The RFC3339 specification has the following advantages:

- Defined date, time, timezone, date-time format
- 4 digit year
- Fractional seconds
- Human readable
- No redundant information like weekday name
- Simple specification, easily machine readable

### RFC3339 format specification

```
date-fullyear = 4DIGIT
date-month = 2DIGIT ; 01-12
date-mday = 2DIGIT ; 01-28, 01-29, 01-30, 01-31 based on
; month/year
time-hour = 2DIGIT ; 00-23
time-minute = 2DIGIT ; 00-59
time-second = 2DIGIT ; 00-58, 00-59, 00-60 based on leap second
; rules
time-secfrac = "." 1*DIGIT
time-numoffset = ("+" / "-") time-hour ":" time-minute
time-offset = "Z" / time-numoffset

partial-time = time-hour ":" time-minute ":" time-second [time-secfrac]

full-date = date-fullyear "-" date-month "-" date-mday
full-time = partial-time time-offset

date-time = full-date "T" full-time
```

`udatetime` specific format addons:

- time-secfrac from 1DIGIT up to 6DIGIT
- time-secfrac will be normalized to microseconds
- time-offset is optional.

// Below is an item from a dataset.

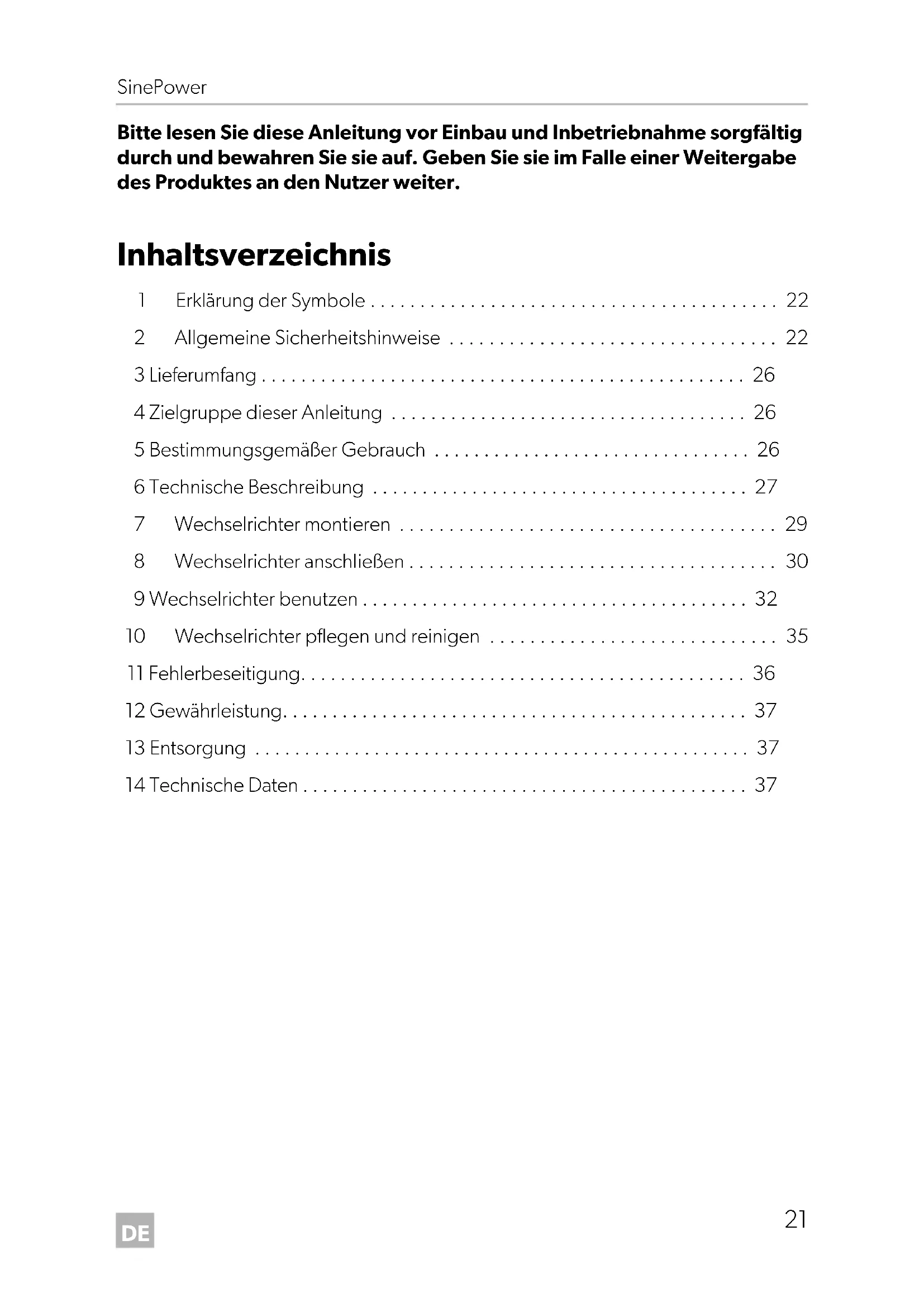 - 14 Technische Daten DSP600-2000--IO-16s.book Seite 21 Montag, 7. Mai 2018 1:39 13DE Erklärung der Symbole SinePower p. 37
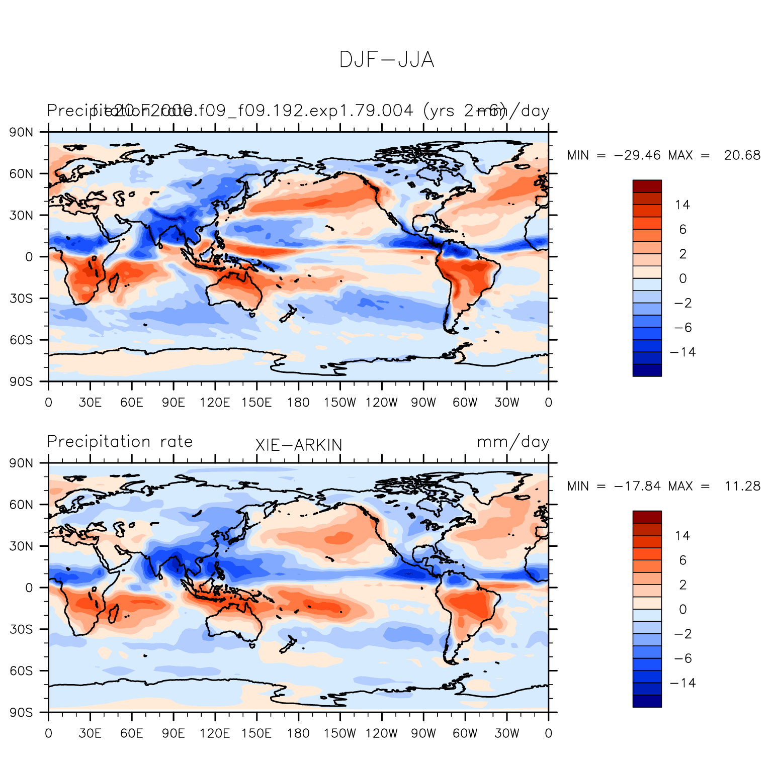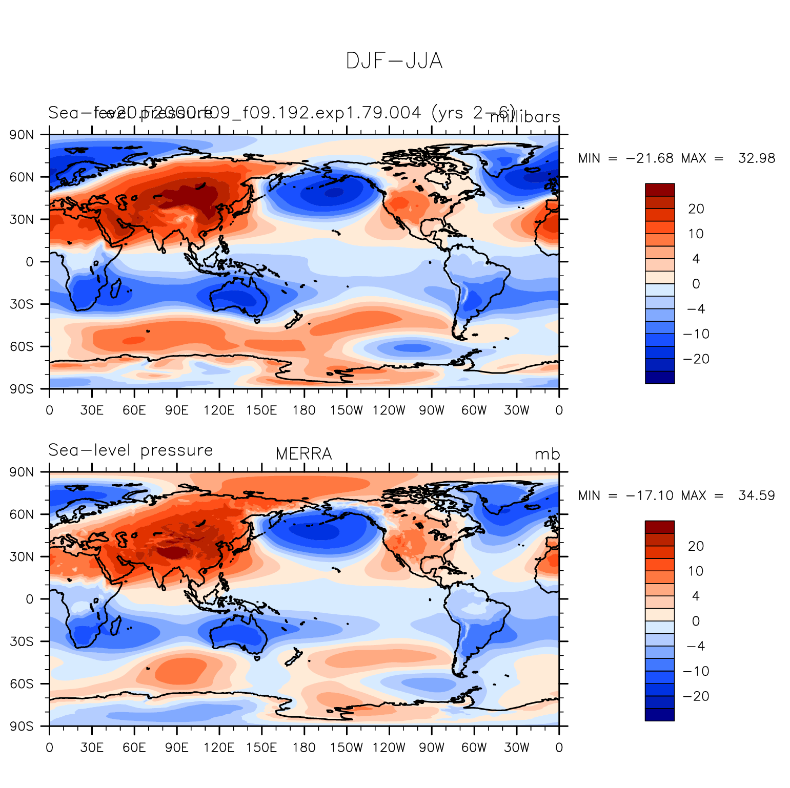 f.e20.F2000.f09_f09.192.exp1.79.004 DIAG Set 9 - Horizontal contour plots of DJF-JJA differences

Missing time-offset will be treated as UTC.
- spaces will be eliminated

## Why in C?

The Python `datetime` library is flexible but painfully slow, when it comes to
parsing and formating. High performance applications like web services or
logging benefit from fast underlying libraries. Restricting the input format
to one standard allows for optimization and results in speed improvements.